U.S. Secret Service agent (1915–1984)

Roy Herman Kellerman (March 14, 1915 – March 22, 1984) was a U.S. Secret Service senior agent who was assigned to protect United States President John F. Kennedy when he was assassinated on November 22, 1963, in Dallas. In his reports, later testimony and interviews, Kellerman outlines in detail his role in the immediate aftermath of the assassination.

==History==
Kellerman, a New Baltimore, Michigan native, graduated from high school in 1933 and worked for the Dodge division of Chrysler sporadically from 1935 until 1937 when he was sworn in as a trooper for the Michigan State Police. Kellerman joined the Secret Service in Detroit just before Christmas 1941, transferring temporarily to the White House detail in March 1942 and permanently one month later. In 1965, Kellerman was promoted to "deputy special agent in charge", replacing Floyd Boring. He retired from the Secret Service in 1968 as an assistant administrator.

Kellerman died in St. Petersburg, Florida, on March 22, 1984, eight days after his 69th birthday.
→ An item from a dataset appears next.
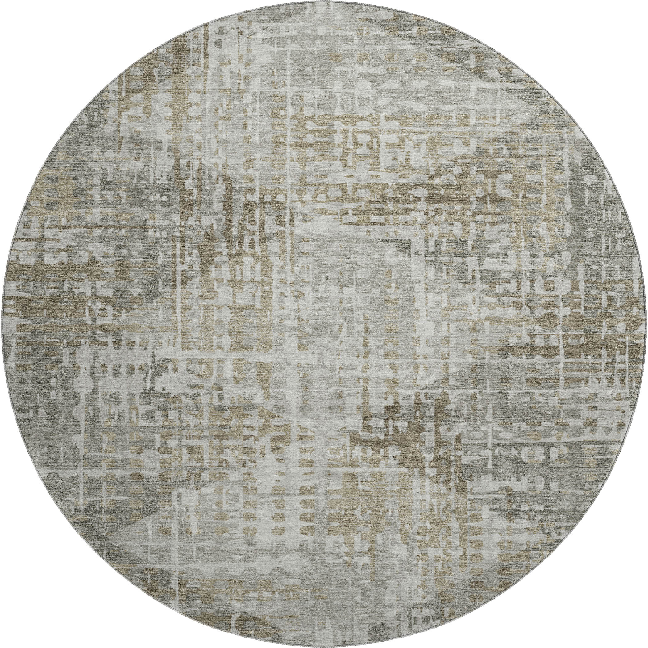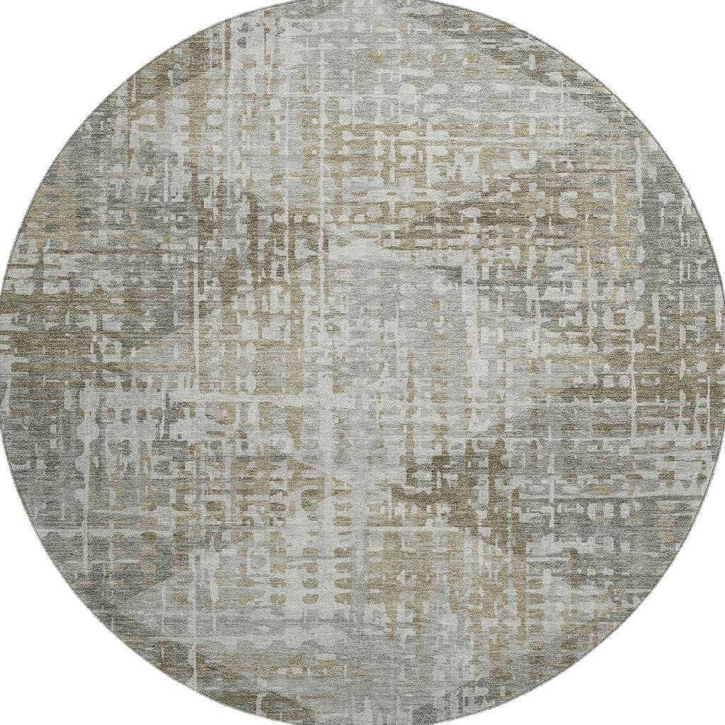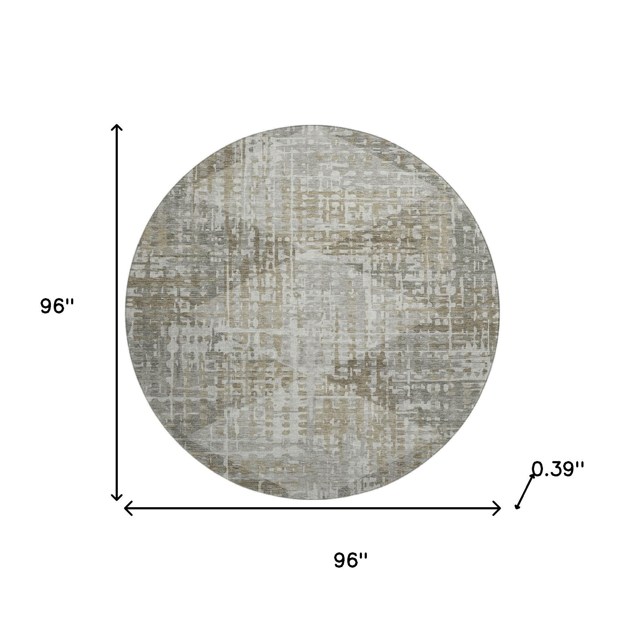 Add some artistry to your room with this 8-foot pewter and gray geometric washable round rug with uv protection. Ideal for spaces with kids and pets, this rug is stain resistant to help repel dirt and spilled liquids. Built to last, this rug crafted from polyester fibers is known for its durability and long lasting appeal. Rugs are a great way to showcase your style, hide imperfections, warm your home and reduce noise. This larger sized, transitional styled rug is ready to create a focal point or statement piece in your room. 96.00-inch h x 96.00-inch w x 0.39-inch d.

==Assassination of John F. Kennedy==
As the Assistant Special Agent in Charge of November 22, 1963, Shift Team No. 3, Kellerman was riding in the front passenger seat of the presidential limousine. The driver was Secret Service Agent William Greer. Like all Secret Service agents assigned to protect the President of the United States, Kellerman was trained to use his own body as a shield, taking a bullet if necessary in the line of duty.
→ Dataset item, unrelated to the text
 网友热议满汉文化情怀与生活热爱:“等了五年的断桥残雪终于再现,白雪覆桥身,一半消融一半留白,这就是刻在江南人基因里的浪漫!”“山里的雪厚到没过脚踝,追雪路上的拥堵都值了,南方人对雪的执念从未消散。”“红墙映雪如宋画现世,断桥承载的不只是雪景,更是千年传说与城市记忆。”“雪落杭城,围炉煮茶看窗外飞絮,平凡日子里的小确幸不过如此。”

Kellerman along with Secret Service agents William Greer, Clint Hill, and Rufus Youngblood, provided testimony to the Warren Commission in Washington, D.C., on March 9, 1964.

Kellerman testified, "I turned around to find out what happened when two additional shots rang out and the President slumped into Mrs. Kennedy's lap and Governor Connally fell to Mrs. Connally's lap." He further testified to the Warren Commission that he first heard what sounded like a "pop" or a "firecracker" somewhere to his right and about five seconds later the assassination then ended in a "flurry of shells" coming into the limousine. He described the final shots as "like a plane going through a sound barrier; bang bang". During his testimony he said: "If President Kennedy had from all reports four wounds, Governor Connally three, there have got to be more than three shots, gentlemen.". Kellerman stated that at the hospital he observed that a part of Kennedy's right rear skull was missing, with a hole measuring 5 inches in diameter.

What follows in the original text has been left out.